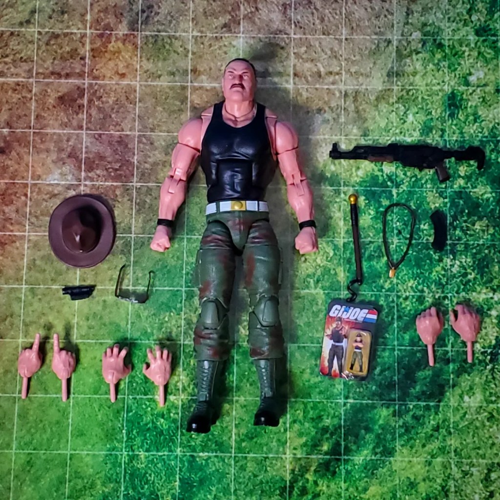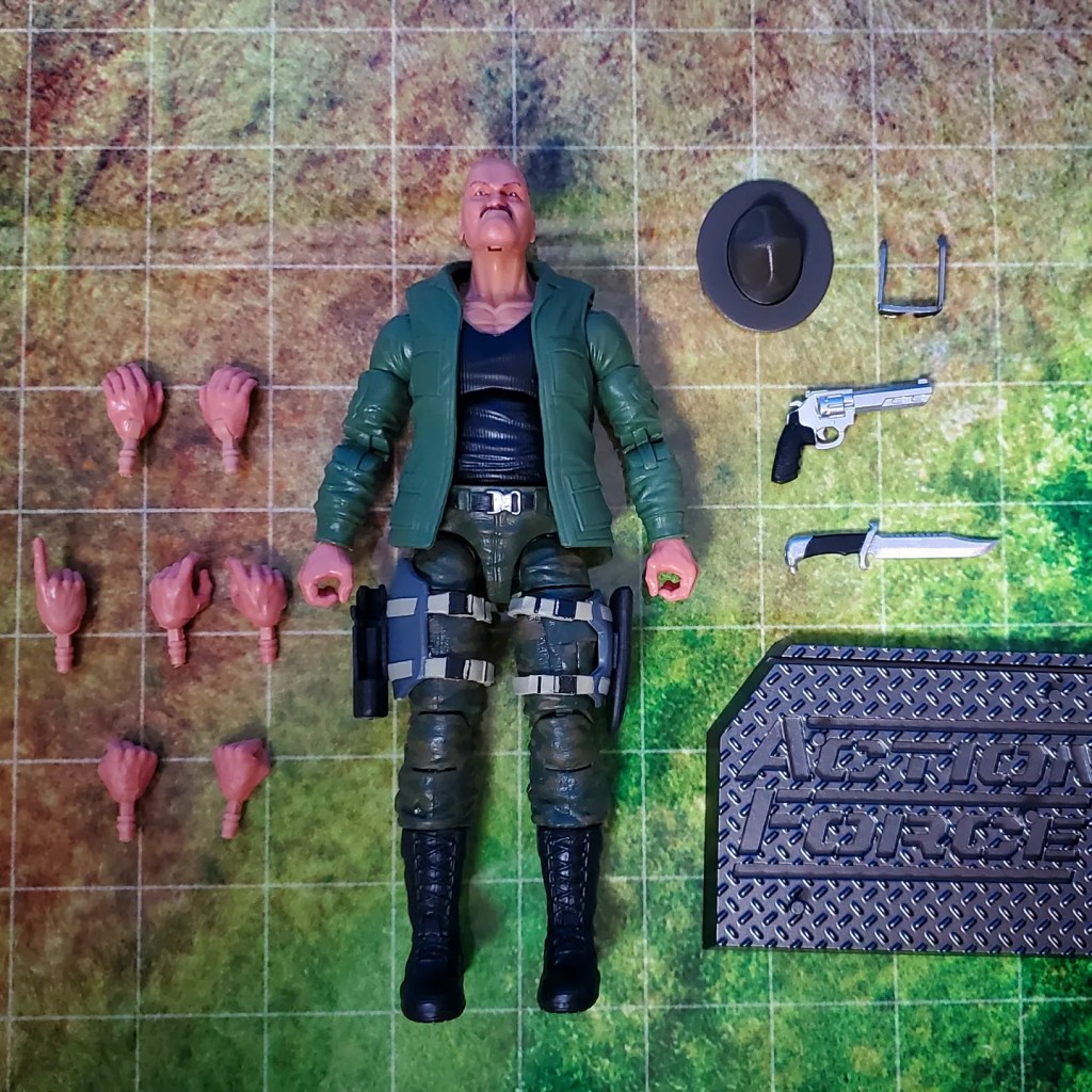 The figure is a little stiff out of the box. A warm water bath would probably be recommended before posing. Articulation is great but not perfect. Usual ball joints, rockers, and swivels. Where it becomes a problem is when the joints are encumbered by plastic. As an example, the butterfly joint is useless because of Sarge’s military jacket. Accessories include 7 different hands, a pistol, a knife, sunglasses, a military fedora, and an Action Force stand.
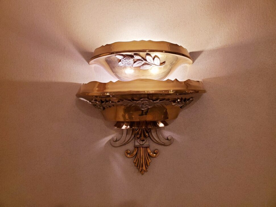 The room has eight beautiful sconces in the style of Edgar Brandt. An octagon wood frame surrounds faceted glass. The floral overlay is cast aluminum with a drape spilling out of the frame and onto the wall. Thankfully, these escaped being covered up or worse, being removed during earlier “modernization”.
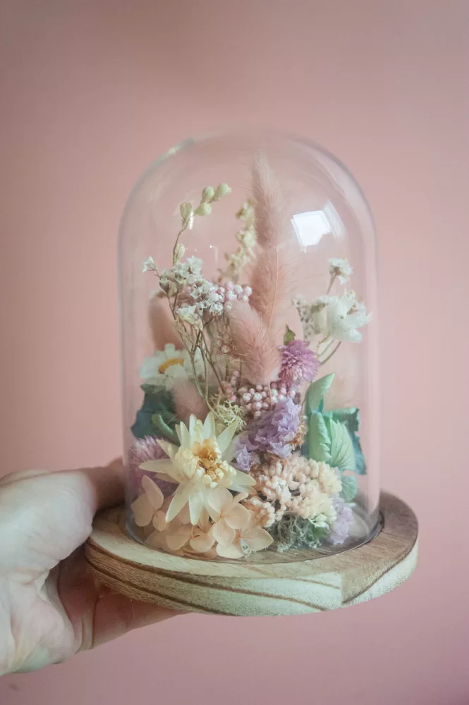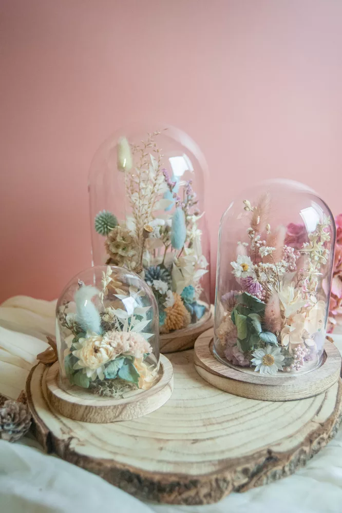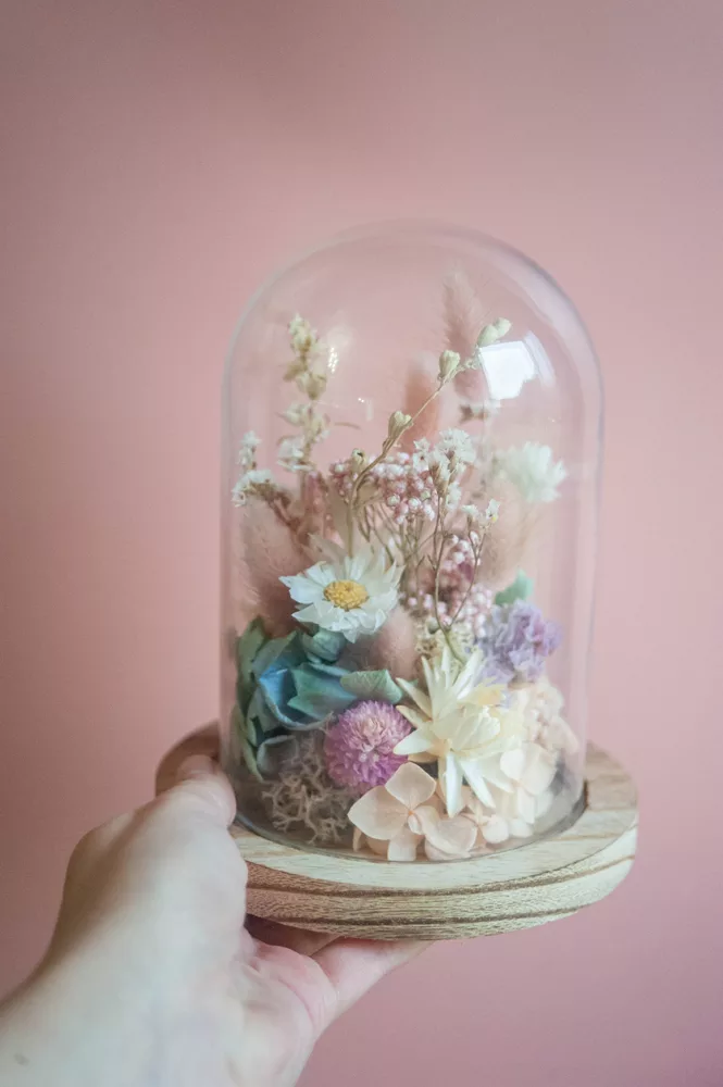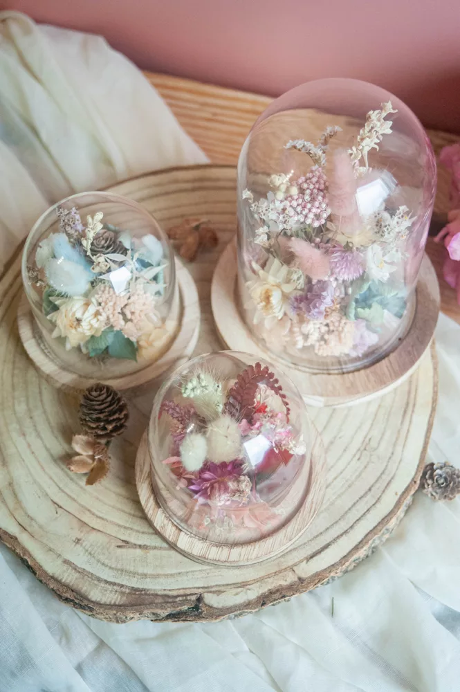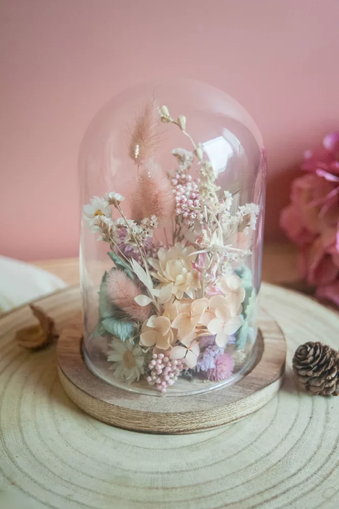 Les fleurs séchées ou stabilisées ne périssent pas et durent plusieurs années. Cependant il est possible que leurs couleurs évoluent avec les années. Pour cela, je vous préconise d’éviter les endroits exposés en plein soleil et les endroits humides. Cette cloche fleurie est réalisée sans mousse florale (mousse à piquer verte) #Nofloralfoam, elle est donc plus écoresponsable ! Toutes mes créations sont réalisées dans mon atelier avec beaucoup de minutie et d’amour. Elles sont entièrement artisanales, c’est pour cela que chaque pièce est unique.
--------------------
[Exercise details]: Take the line with "The room has" and each line after it through the end of the material above, and reproduce them exactly, without the pictures.

[Output of the task]:
 The room has eight beautiful sconces in the style of Edgar Brandt. An octagon wood frame surrounds faceted glass. The floral overlay is cast aluminum with a drape spilling out of the frame and onto the wall. Thankfully, these escaped being covered up or worse, being removed during earlier “modernization”.
 Les fleurs séchées ou stabilisées ne périssent pas et durent plusieurs années. Cependant il est possible que leurs couleurs évoluent avec les années. Pour cela, je vous préconise d’éviter les endroits exposés en plein soleil et les endroits humides. Cette cloche fleurie est réalisée sans mousse florale (mousse à piquer verte) #Nofloralfoam, elle est donc plus écoresponsable ! Toutes mes créations sont réalisées dans mon atelier avec beaucoup de minutie et d’amour. Elles sont entièrement artisanales, c’est pour cela que chaque pièce est unique.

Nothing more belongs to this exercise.